Best are those with minimal blood: perhaps poison, asphyxiation, or even strangulation.
But even better is the off-camera death, where we don’t see the victim stalked by their killer.
Oh, I like a murder that feels staged—and that’s also available on Netflix.
My husband and I watch at least three murder mysteries a week, usually of the BBC variety: Midsomer Murders or Marple, Sherlock or Foyle’s War. In between, I devour mystery novels, reading through author’s life’s work until I run out of installments. Then I search for a new supply.
I’ve wondered why I like consuming so much death. At home, I avoid killing spiders. I am frightened of heights, roller coasters, and creepy children’s movies. I’ve never watched a horror flick.

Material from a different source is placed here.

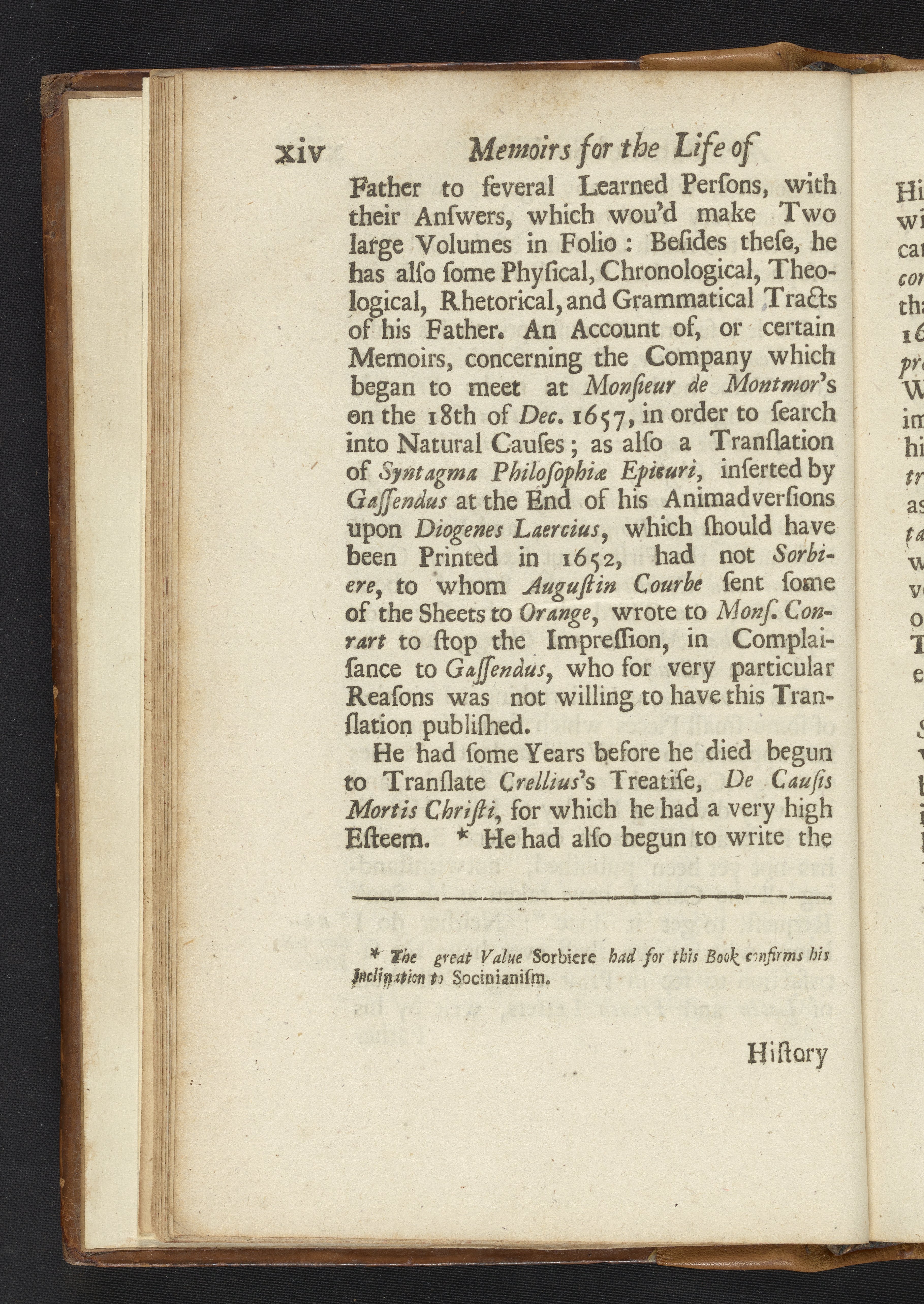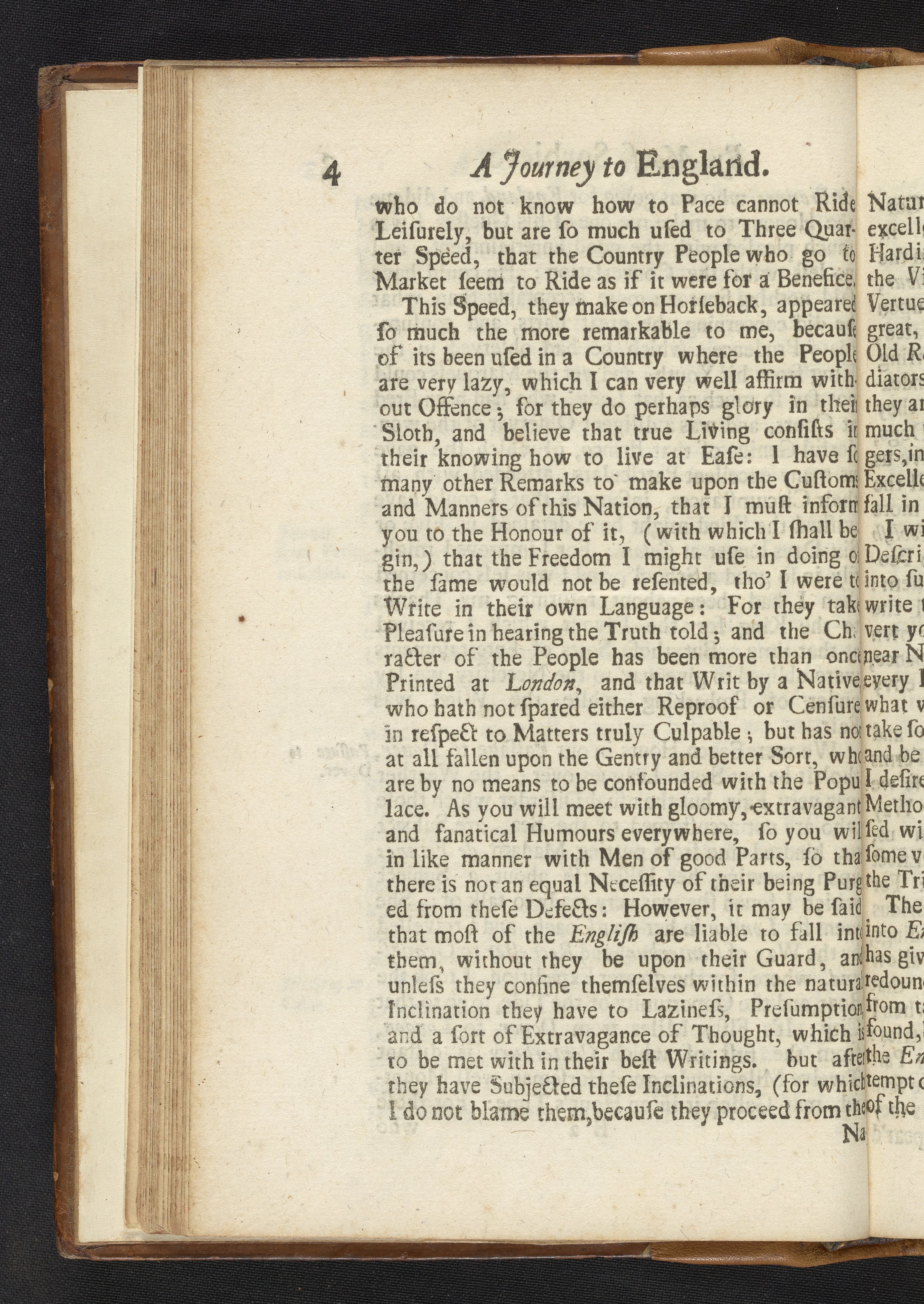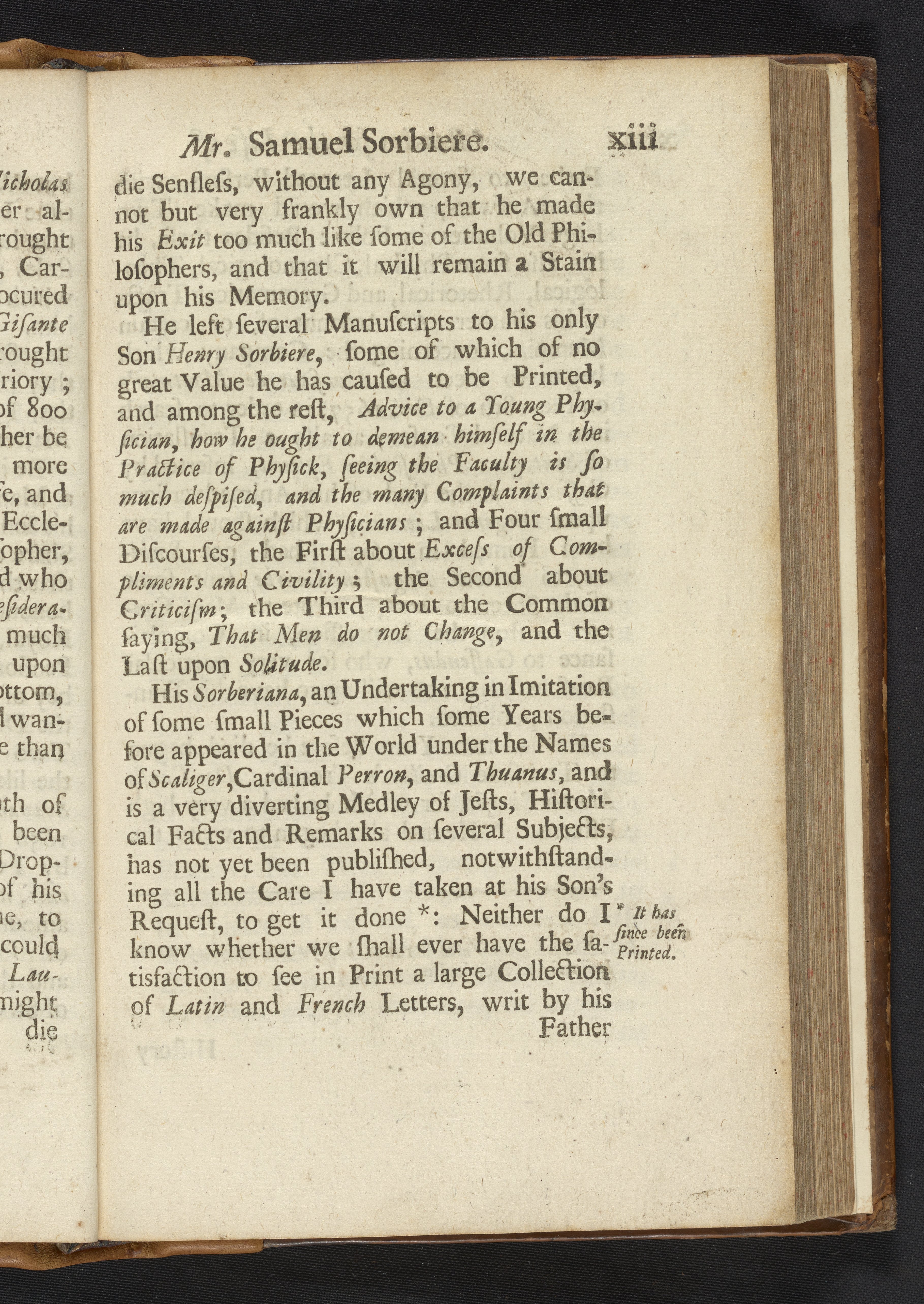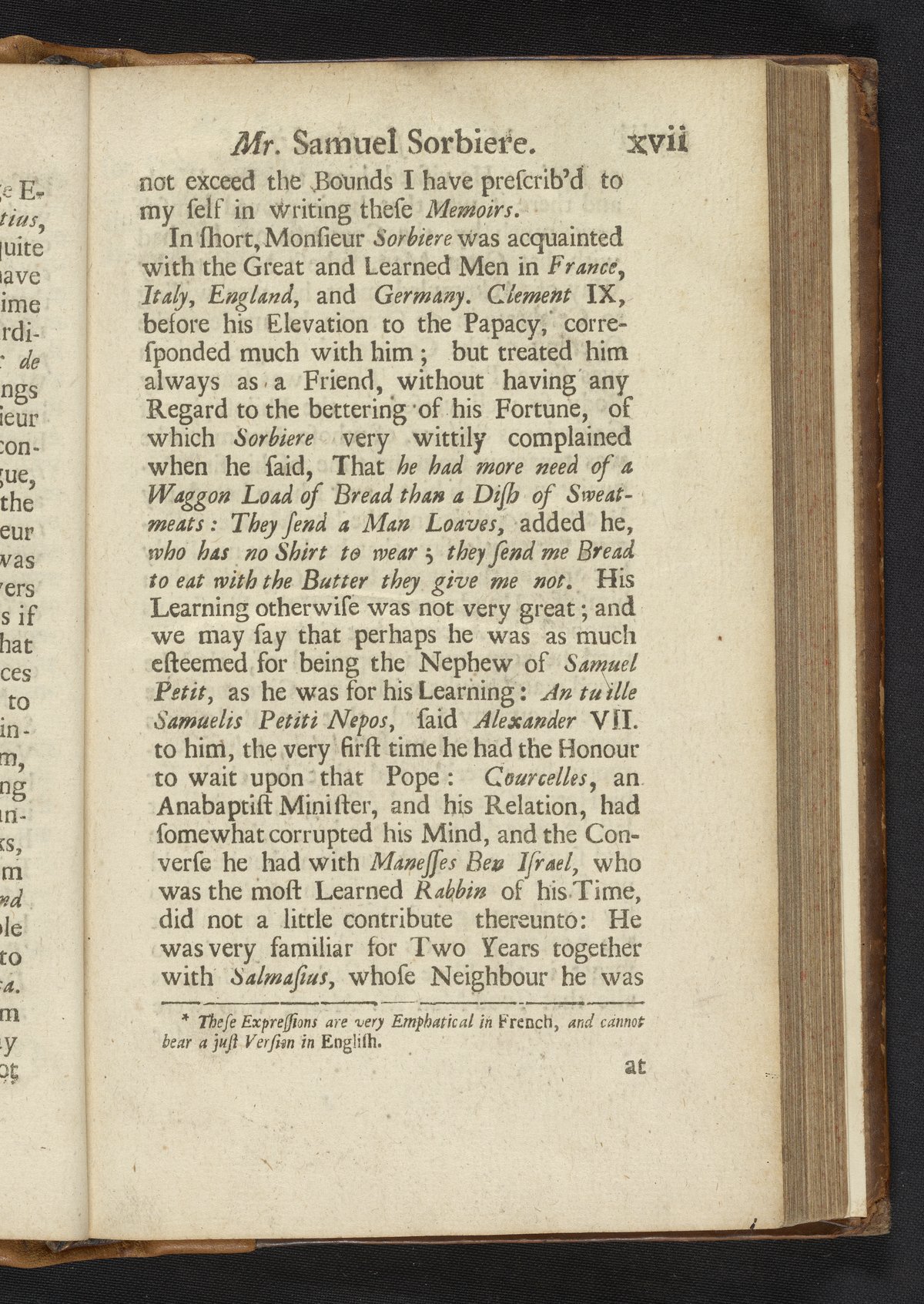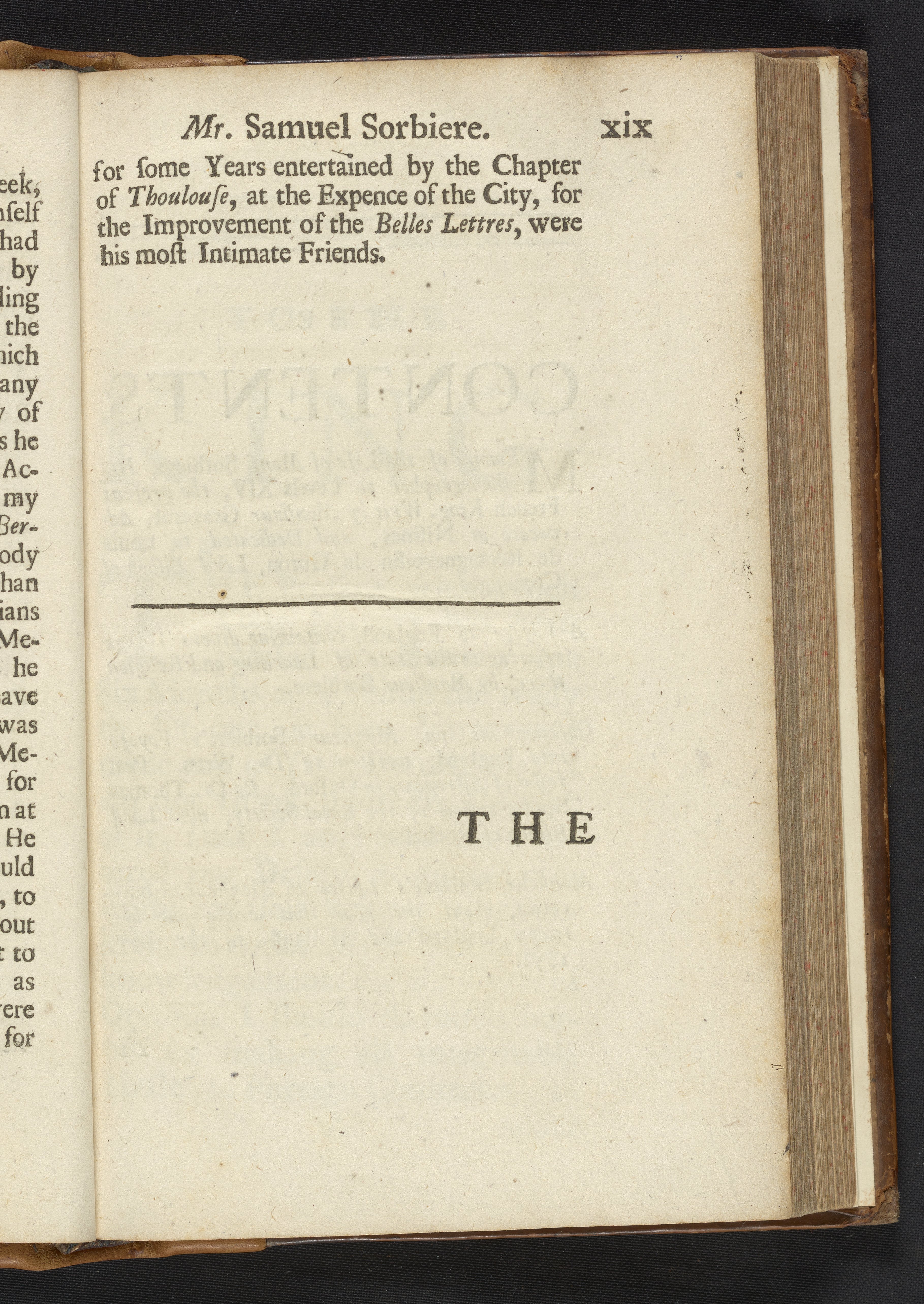 The original observations were adressed to King Louis XIV with an aim to influence him to support a French academy of science. It is an often critical account that gives a view into England's intellectual life at the time. Thomas Sprat's observations show his sensitivity to Sorbière's work and attacks the thoughts Sorbière presents. This edition notably contains a mistake in the printing: page 109 is printed as 190. The entire work has been digitized.

Even so, I like watching people bite the dust.
For a long time, I thought I was attracted to them because of their tidiness and rules.
Murder mysteries are all about rules. They have conventions, obligatory scenes, and a predictable arc. There’s a red herring and clues, an investigator, and the big reveal at the end.
I assumed I loved predictable stories because if things must go horribly wrong, I prefer them to go wrong predictably.
As a child, I learned that life is anything but predictable. Bad news comes out of left field; mysteries do not always get solved by the commercial break; a coherent narrative does not unspool itself on cue.
Perhaps that’s why I clung to rules so fiercely for so long.
I was a “good girl.” I held up goodness and niceness like a clove of garlic against fanged creatures. I told myself not to read unruly books or speak my questions out loud. I avoided offending people or turning over rocks to see what hid beneath.And my biggest, ruliest niceness of all was religion.
I thought God wanted me quiet, hands on my lap, nodding my head in unison. I thought staying safe and likable would keep me in Christ’s good graces.
But despite my rule-following, the dark kept finding me. If faith was niceness, it had no power to save.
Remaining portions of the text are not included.